France is generally considered as an ideal-type of cordon sanitaire strategy. With this kind of strategy, moderate right-wing parties systemically refuse any kind of cooperation with the extreme right. France however shows a more nuanced picture. The cordon sanitaire took time to build, only coming into force in the 1980s, and was (temporarily) shattered as soon as significant incentives for cooperation appeared in 1998. Besides, the political space between the right and the extreme right has largely been occupied, by different parties from the old CNI to the more recently founded MPF or RPF parties which have been able to occupy far right positions without suffering the same ostracism from the mainstream. Such a strategy derives from three convictions. Firstly, that there is no institutional necessity for cooperation for moderate right-wing parties at the national level: the electoral system, in particular, has prevented the extreme right gaining any significant parliamentary representation, for instance. Secondly, and beyond the personal reluctance to negotiate such alliances demonstrated by different moderate right wing leaders, there is a strong belief that cooperation would be detrimental to the moderate right: a significant proportion of extreme right supporters have no inclination towards it and it may cause centrist supporters to defect to the moderate left. Thirdly, the issue of the attitude towards the extreme right has been an area of competition within moderate right wing parties, particularly in the early 1990s.

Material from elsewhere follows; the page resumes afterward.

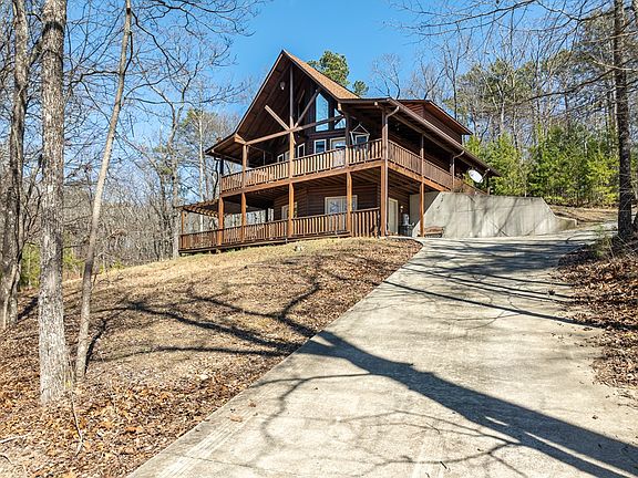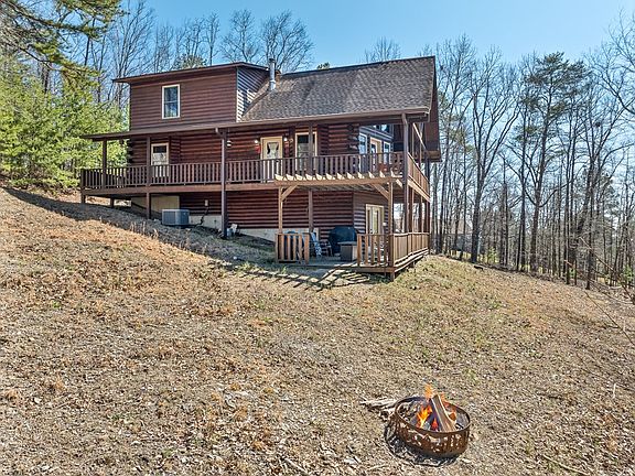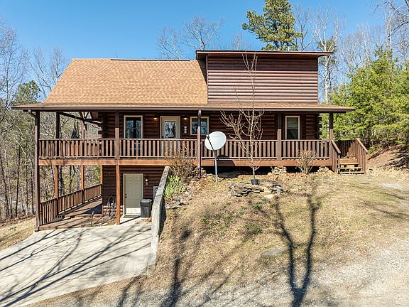 Escape to this true log cabin mountain getaway, located in the amenity-packed Talking Rock Creek Resort. Situated an hour from Atlanta & Chattanooga, this charming cabin with tons of outdoor living space can be your retreat from the hustle and bustle with 2 bedrooms and a flex space (currently used as third bedroom). The home has an attractive prow-front design, with a wrap-around porch and attached pergola area perfect for grilling, plus a fire-pit spot to enjoy the serene wooded surroundings. Inside, find cozy wood finishes throughout the open floor plan great room with plenty of space for relaxing around the warm wood stove. Tons of windows and French doors let in the sunshine. The kitchen is well-laid out for cooking your favorite meal and includes breakfast bar seating. The main floor also has a roomy bedroom with wood & drywall finishes, plus a spacious bathroom with separate soaking tub and tiled shower. Head upstairs to the private master retreat with a large bedroom with vaulted ceilings and en-suite bathroom plus a walk-in closet. Downstairs, find a fun basement level bonus area finished with a corrugated metal roof, double French doors, ping pong table, and an electric fireplace to add to the ambiance. There are two additional sleeping spaces, one with bunk beds, providing room for all your guests or family. The 5,000 acre Talking Rock Creek Resort features plenty of recreation activities, including a stocked fishing pond, rec center, two pools, tennis, and hiking. Being offered turn-key, this home is primed for you to use as your personal getaway or as an investment. If you are ready to enjoy the peaceful serenity this classic log cabin offers along with the amenities and nature, come see it today!

The Populist Radical Right in Europe: an overview
Cas Mudde, Politieke Wetenschappen, University of Antwerp, Belgium

Populist Radical Right Parties in Europe will be published by Cambridge University Press in early 2007. It covers concepts, issues, and explanations. It begins by addressing the problem of conceptualization and provides a new framework centred around the concept of the populist radical right (a combination of nativism, authoritarianism, and populism). Next it deals with the often ignored issue of categorization of political parties, identifying the key populist radical right parties in Europe (both the East and the West) and discussing various borderline cases. The second part of the book covers enemies, women, economy, democracy, European cooperation, and globalisation, filling voids in the literature or revising commonly-held misperceptions. The third part of the book provides a critical assessment of the literature purporting to explain the electoral success of populist radical right parties, looking at the demand-side, the external supply-side, and the internal supply-side. The main conclusion is that the populist radical right is itself a key factor in its inconsistent electoral performance.